Within the entries below, please return exactly the lines from the one with "White Cropped Boxy" through the one with "Bezaubernd das grüne", leaving out any pictures.

■ **DATA SHOWN**
--------------------------------
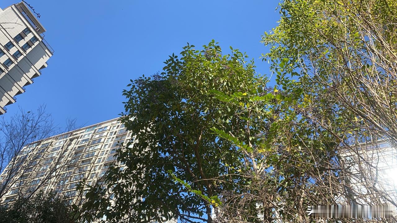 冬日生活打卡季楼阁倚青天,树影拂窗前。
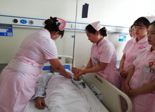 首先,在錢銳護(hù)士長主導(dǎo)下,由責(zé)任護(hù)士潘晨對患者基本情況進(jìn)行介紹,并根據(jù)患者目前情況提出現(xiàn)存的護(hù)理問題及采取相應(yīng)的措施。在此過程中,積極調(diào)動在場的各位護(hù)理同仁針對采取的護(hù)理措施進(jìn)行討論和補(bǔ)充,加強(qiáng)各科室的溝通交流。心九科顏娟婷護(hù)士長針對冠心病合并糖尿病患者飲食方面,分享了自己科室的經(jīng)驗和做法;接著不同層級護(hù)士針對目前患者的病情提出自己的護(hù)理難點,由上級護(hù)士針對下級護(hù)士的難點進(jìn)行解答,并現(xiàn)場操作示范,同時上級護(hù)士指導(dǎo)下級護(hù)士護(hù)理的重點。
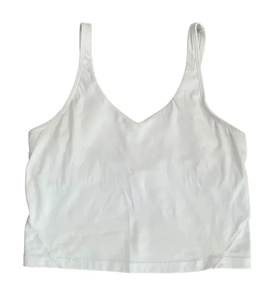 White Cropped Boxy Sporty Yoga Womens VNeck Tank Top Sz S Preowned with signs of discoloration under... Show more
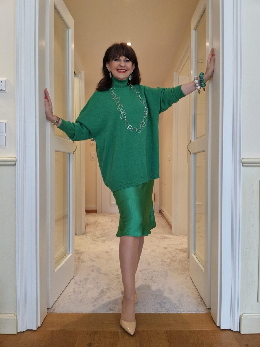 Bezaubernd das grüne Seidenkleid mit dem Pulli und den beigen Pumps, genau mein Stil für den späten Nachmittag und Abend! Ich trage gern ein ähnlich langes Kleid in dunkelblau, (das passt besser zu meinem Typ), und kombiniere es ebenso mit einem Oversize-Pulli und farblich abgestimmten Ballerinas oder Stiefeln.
--------------------------------
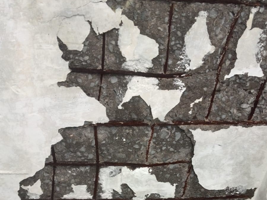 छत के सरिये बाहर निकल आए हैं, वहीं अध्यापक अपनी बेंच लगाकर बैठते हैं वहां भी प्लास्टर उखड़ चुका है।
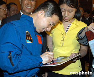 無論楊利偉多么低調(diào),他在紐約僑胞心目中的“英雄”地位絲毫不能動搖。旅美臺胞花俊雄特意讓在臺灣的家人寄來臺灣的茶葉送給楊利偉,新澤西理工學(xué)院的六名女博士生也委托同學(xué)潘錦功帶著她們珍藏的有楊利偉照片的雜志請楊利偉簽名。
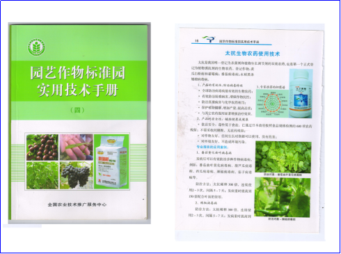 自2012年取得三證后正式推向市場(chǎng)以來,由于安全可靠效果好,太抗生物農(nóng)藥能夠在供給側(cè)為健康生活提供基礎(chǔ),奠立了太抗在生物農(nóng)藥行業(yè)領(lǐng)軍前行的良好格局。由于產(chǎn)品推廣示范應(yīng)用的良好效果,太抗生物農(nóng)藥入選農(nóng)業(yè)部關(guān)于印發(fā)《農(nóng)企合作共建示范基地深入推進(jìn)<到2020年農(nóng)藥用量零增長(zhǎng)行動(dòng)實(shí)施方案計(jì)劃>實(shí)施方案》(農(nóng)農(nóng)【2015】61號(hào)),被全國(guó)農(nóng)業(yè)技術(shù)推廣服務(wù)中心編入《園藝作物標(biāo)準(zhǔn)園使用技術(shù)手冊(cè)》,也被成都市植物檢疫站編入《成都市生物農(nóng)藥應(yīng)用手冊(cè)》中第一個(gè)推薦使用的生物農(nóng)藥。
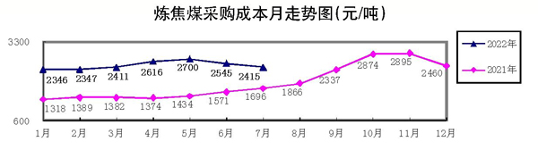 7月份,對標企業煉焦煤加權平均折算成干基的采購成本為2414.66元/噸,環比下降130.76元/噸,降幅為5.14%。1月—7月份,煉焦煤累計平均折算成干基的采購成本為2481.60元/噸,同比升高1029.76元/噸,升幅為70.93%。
--------------------------------
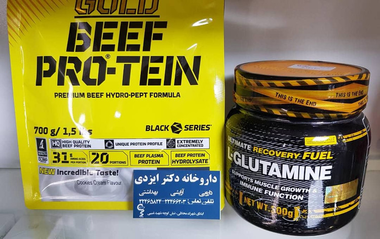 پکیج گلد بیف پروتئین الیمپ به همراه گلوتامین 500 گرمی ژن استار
--------------------------------
■ **RESPONSE**
 White Cropped Boxy Sporty Yoga Womens VNeck Tank Top Sz S Preowned with signs of discoloration under... Show more
 Bezaubernd das grüne Seidenkleid mit dem Pulli und den beigen Pumps, genau mein Stil für den späten Nachmittag und Abend! Ich trage gern ein ähnlich langes Kleid in dunkelblau, (das passt besser zu meinem Typ), und kombiniere es ebenso mit einem Oversize-Pulli und farblich abgestimmten Ballerinas oder Stiefeln.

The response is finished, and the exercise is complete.